ASSIGNMENT ▸
Below are some records. Write out exactly their lines from the one with "AI Generated. Abstract" through the one with "Ботинки берцы натуральная", and leave the pictures behind.

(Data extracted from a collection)
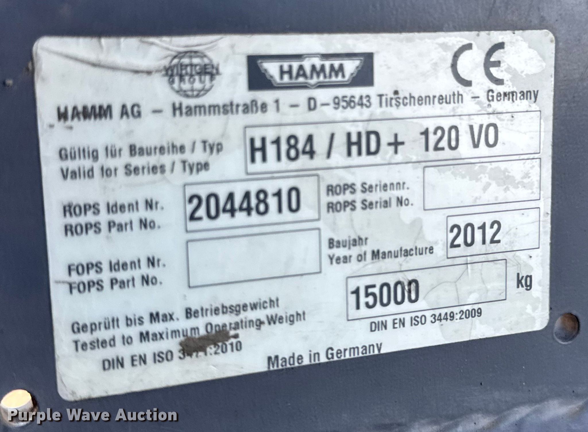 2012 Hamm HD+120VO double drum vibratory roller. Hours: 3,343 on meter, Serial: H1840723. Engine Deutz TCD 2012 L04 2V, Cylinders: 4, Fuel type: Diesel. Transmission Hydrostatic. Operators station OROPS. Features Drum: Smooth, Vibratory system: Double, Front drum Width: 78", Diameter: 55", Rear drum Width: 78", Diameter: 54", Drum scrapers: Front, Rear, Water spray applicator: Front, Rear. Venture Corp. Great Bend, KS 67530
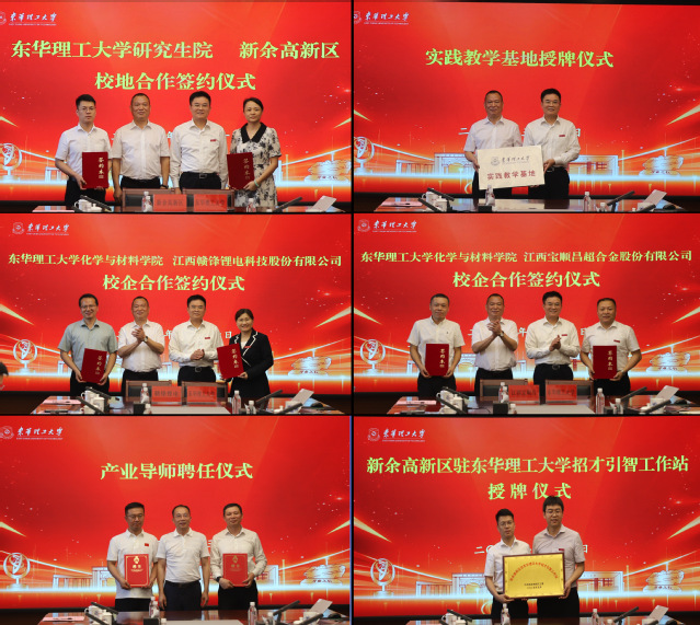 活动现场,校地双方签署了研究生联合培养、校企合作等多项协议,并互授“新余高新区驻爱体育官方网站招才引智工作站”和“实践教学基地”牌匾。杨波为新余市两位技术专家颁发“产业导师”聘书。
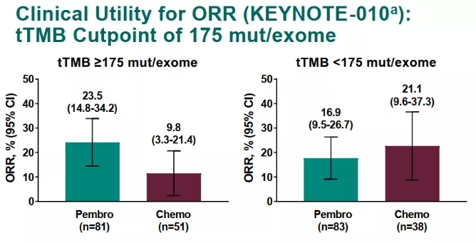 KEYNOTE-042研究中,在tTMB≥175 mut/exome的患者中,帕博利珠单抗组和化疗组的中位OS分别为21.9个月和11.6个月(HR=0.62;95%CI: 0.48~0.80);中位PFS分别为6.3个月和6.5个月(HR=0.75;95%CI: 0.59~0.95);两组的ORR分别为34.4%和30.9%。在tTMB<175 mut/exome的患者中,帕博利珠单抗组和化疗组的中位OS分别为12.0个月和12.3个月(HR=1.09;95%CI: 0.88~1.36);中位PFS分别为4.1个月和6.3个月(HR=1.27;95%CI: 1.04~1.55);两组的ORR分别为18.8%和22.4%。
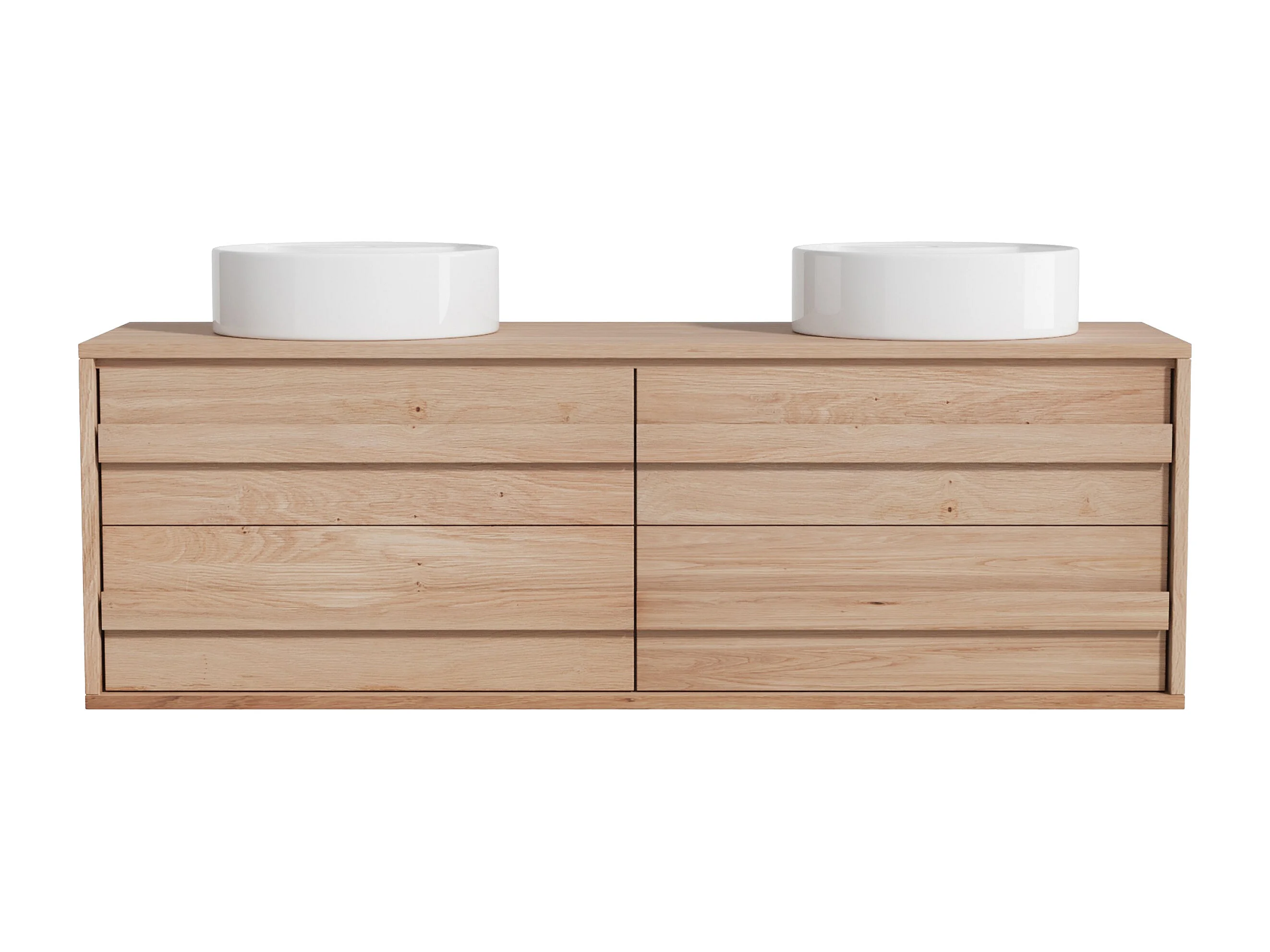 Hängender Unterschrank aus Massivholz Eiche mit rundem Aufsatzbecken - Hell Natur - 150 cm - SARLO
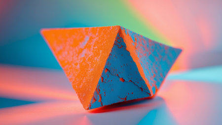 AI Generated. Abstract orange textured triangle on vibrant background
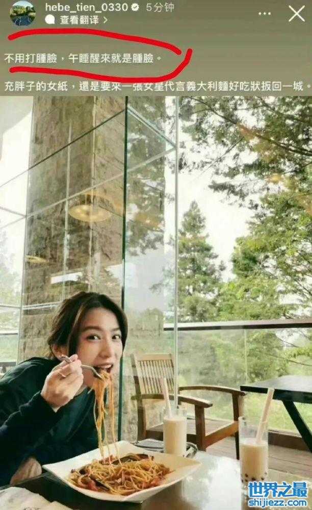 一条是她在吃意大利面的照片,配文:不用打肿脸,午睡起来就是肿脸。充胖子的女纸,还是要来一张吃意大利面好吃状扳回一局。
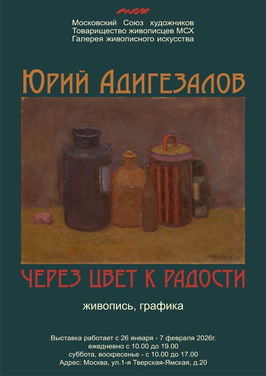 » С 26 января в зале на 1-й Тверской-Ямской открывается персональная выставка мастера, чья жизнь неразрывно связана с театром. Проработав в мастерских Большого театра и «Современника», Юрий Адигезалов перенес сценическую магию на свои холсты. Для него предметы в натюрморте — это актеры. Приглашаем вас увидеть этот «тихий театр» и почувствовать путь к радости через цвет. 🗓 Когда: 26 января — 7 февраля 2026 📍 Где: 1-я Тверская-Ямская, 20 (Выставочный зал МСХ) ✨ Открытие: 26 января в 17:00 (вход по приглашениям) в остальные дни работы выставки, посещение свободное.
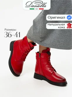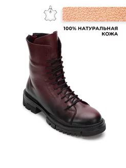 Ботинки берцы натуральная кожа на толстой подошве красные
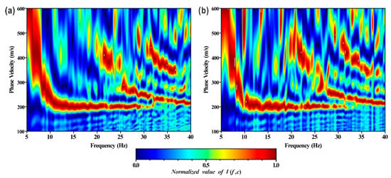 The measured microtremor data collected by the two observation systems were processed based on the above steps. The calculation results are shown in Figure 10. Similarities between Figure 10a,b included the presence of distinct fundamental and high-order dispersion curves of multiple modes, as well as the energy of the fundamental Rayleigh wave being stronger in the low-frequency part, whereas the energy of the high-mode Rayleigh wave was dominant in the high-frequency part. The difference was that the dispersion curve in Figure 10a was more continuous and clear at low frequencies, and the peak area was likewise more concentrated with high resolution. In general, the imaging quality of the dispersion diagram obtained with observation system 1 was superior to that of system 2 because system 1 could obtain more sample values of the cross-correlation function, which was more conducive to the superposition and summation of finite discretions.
---
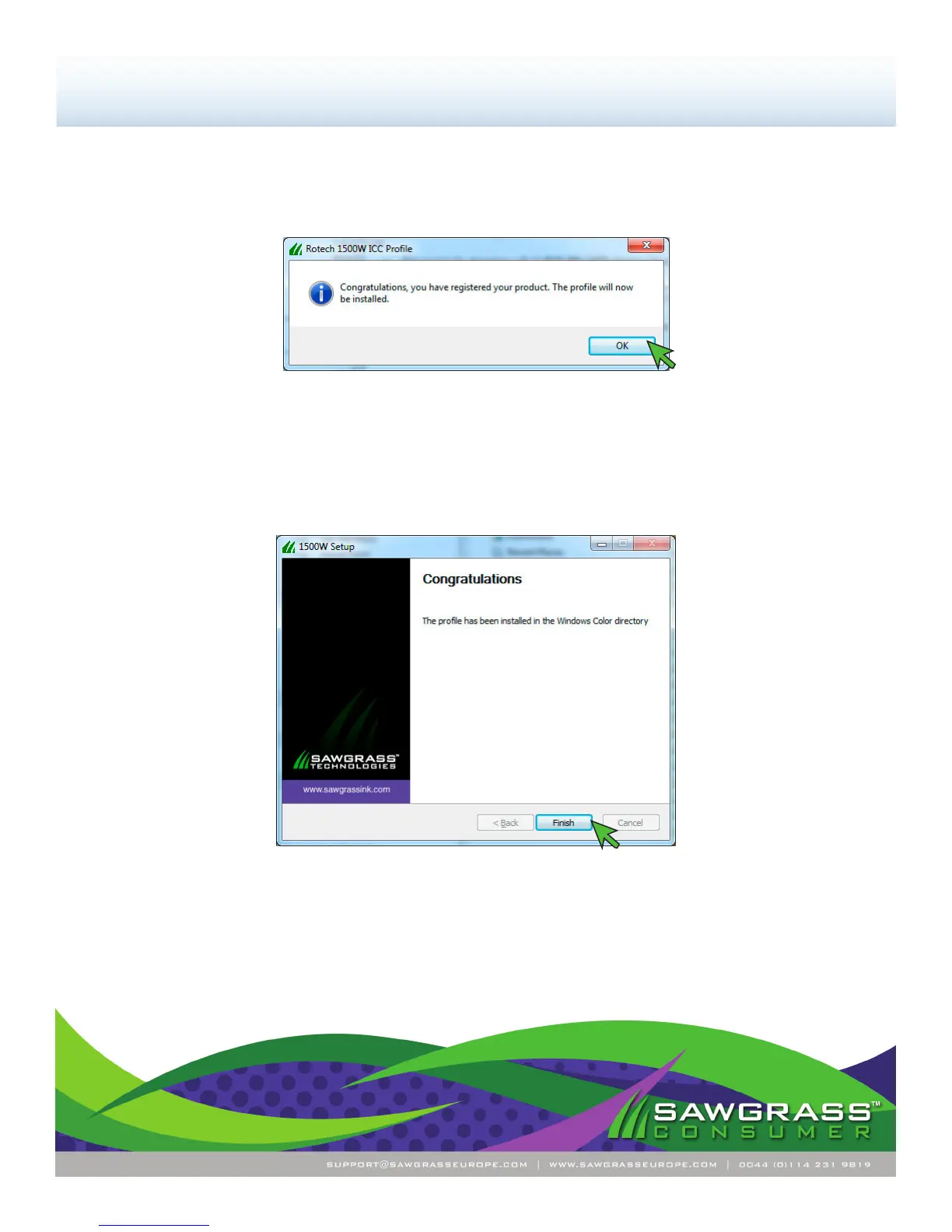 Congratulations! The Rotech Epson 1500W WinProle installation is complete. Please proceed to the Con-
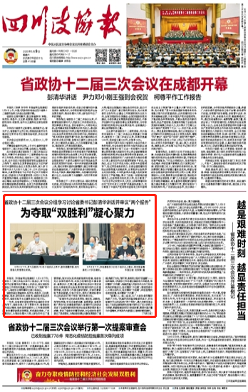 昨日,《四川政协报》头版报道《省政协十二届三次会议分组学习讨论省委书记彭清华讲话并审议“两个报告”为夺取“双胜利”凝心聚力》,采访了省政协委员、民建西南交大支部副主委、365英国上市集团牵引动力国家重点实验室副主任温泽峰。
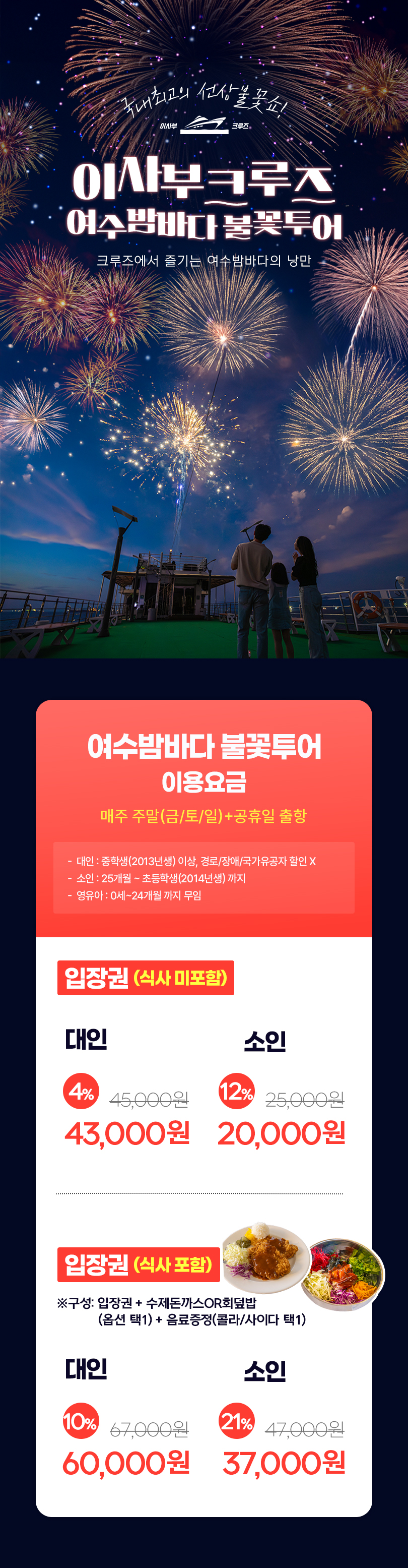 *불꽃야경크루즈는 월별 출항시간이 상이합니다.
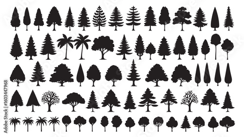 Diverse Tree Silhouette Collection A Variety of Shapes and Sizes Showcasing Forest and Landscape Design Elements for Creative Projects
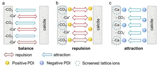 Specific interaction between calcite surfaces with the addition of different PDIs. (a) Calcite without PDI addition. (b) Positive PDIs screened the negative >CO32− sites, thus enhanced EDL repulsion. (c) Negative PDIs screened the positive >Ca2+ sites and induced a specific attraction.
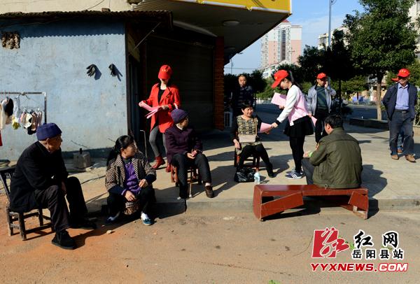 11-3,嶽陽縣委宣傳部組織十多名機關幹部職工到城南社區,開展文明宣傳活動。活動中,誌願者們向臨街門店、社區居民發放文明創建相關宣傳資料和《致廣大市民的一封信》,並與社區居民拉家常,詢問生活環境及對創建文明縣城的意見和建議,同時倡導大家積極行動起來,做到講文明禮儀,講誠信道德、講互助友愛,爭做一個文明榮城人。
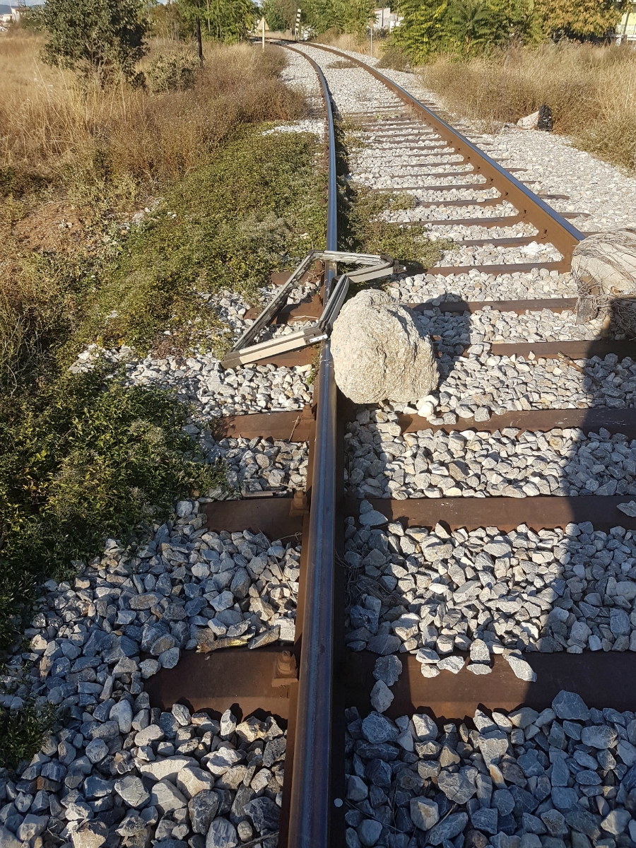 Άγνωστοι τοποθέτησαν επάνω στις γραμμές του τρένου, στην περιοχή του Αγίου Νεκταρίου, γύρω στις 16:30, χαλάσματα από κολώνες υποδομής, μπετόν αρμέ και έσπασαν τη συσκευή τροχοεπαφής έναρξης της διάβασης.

YOUR SOLUTION ▸
 AI Generated. Abstract orange textured triangle on vibrant background
 一条是她在吃意大利面的照片,配文:不用打肿脸,午睡起来就是肿脸。充胖子的女纸,还是要来一张吃意大利面好吃状扳回一局。
 » С 26 января в зале на 1-й Тверской-Ямской открывается персональная выставка мастера, чья жизнь неразрывно связана с театром. Проработав в мастерских Большого театра и «Современника», Юрий Адигезалов перенес сценическую магию на свои холсты. Для него предметы в натюрморте — это актеры. Приглашаем вас увидеть этот «тихий театр» и почувствовать путь к радости через цвет. 🗓 Когда: 26 января — 7 февраля 2026 📍 Где: 1-я Тверская-Ямская, 20 (Выставочный зал МСХ) ✨ Открытие: 26 января в 17:00 (вход по приглашениям) в остальные дни работы выставки, посещение свободное.
 Ботинки берцы натуральная кожа на толстой подошве красные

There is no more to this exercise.